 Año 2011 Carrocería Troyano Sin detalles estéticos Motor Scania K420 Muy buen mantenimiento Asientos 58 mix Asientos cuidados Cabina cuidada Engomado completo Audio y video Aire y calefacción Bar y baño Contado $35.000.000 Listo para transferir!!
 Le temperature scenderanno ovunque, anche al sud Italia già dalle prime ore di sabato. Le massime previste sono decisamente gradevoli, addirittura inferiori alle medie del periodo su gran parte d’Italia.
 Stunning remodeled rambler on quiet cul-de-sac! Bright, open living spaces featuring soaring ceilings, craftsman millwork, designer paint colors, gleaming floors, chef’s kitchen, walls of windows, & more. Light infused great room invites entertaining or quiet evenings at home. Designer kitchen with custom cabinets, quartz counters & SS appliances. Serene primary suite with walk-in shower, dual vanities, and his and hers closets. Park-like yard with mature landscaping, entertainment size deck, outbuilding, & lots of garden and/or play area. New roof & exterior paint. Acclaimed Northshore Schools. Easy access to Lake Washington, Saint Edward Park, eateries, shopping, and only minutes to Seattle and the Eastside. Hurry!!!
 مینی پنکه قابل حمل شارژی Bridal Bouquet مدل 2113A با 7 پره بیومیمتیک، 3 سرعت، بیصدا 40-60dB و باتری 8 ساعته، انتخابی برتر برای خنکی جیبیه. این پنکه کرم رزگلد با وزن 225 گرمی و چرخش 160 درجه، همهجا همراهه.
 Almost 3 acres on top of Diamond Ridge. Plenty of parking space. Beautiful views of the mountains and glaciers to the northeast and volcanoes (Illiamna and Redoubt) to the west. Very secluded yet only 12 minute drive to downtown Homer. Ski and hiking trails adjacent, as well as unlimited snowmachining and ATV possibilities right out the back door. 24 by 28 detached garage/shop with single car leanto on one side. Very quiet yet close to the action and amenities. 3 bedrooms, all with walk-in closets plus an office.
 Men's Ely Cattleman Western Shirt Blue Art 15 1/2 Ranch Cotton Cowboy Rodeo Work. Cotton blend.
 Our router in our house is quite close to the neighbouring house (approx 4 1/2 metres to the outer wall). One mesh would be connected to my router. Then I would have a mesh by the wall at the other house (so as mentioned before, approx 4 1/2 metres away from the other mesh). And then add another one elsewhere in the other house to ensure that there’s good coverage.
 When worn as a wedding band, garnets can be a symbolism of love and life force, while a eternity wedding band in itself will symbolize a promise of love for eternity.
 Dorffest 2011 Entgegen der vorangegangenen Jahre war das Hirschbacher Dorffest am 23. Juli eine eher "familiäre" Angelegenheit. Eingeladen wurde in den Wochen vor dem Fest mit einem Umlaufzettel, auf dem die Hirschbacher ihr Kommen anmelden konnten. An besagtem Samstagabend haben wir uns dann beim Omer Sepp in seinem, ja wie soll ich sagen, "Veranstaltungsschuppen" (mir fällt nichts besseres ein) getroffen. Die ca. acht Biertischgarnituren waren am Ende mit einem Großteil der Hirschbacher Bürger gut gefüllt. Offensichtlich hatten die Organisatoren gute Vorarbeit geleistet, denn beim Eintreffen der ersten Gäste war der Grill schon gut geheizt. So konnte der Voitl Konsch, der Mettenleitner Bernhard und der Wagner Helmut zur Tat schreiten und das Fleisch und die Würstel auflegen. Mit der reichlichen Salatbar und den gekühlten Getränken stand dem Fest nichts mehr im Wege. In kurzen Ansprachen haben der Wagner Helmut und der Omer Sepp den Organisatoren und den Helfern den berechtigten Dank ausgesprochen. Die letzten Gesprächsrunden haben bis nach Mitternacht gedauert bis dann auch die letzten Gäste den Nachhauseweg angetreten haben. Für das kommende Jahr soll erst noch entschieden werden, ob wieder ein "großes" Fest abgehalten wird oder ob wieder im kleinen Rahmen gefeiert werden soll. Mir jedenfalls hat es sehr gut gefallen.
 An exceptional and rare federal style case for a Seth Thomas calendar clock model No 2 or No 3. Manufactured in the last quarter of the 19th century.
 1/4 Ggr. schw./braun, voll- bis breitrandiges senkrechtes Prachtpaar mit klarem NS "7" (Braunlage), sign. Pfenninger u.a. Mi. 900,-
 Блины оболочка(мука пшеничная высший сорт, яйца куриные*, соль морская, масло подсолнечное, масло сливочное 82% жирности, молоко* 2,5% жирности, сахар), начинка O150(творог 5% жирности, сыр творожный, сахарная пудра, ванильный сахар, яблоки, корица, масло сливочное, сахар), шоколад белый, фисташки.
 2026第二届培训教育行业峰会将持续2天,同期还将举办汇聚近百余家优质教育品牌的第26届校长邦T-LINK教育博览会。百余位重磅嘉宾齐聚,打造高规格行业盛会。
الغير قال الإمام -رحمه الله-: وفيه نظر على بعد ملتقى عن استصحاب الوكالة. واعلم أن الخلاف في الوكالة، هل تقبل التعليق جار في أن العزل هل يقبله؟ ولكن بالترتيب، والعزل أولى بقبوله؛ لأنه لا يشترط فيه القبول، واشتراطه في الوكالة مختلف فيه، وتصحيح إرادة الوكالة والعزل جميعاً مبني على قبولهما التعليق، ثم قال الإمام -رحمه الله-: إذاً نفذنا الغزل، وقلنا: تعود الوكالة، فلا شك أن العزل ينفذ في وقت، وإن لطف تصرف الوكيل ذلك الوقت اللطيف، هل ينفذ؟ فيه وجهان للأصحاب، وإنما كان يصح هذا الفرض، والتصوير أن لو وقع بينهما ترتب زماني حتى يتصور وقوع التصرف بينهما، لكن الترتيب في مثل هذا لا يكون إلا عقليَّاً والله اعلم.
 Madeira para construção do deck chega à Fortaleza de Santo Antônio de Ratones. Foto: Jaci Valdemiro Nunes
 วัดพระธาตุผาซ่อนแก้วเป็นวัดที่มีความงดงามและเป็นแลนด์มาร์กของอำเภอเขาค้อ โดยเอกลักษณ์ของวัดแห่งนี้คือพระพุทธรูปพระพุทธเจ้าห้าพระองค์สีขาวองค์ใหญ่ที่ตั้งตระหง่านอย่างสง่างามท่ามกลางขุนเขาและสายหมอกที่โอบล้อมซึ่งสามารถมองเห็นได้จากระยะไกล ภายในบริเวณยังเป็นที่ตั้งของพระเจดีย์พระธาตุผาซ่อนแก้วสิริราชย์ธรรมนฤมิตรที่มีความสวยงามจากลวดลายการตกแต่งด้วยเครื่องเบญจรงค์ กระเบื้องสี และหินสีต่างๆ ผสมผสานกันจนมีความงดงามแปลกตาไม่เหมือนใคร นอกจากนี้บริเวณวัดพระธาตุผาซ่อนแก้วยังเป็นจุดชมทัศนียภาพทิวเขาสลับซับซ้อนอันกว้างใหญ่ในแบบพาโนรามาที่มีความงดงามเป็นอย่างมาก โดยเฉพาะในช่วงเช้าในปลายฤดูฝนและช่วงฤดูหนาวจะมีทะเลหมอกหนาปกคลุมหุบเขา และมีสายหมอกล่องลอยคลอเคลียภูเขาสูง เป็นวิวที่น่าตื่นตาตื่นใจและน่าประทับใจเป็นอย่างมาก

^^^^^^^^^^^^^^^^

Where a line of the data above includes the string "para", pull it out.

 Año 2011 Carrocería Troyano Sin detalles estéticos Motor Scania K420 Muy buen mantenimiento Asientos 58 mix Asientos cuidados Cabina cuidada Engomado completo Audio y video Aire y calefacción Bar y baño Contado $35.000.000 Listo para transferir!!
 Madeira para construção do deck chega à Fortaleza de Santo Antônio de Ratones. Foto: Jaci Valdemiro Nunes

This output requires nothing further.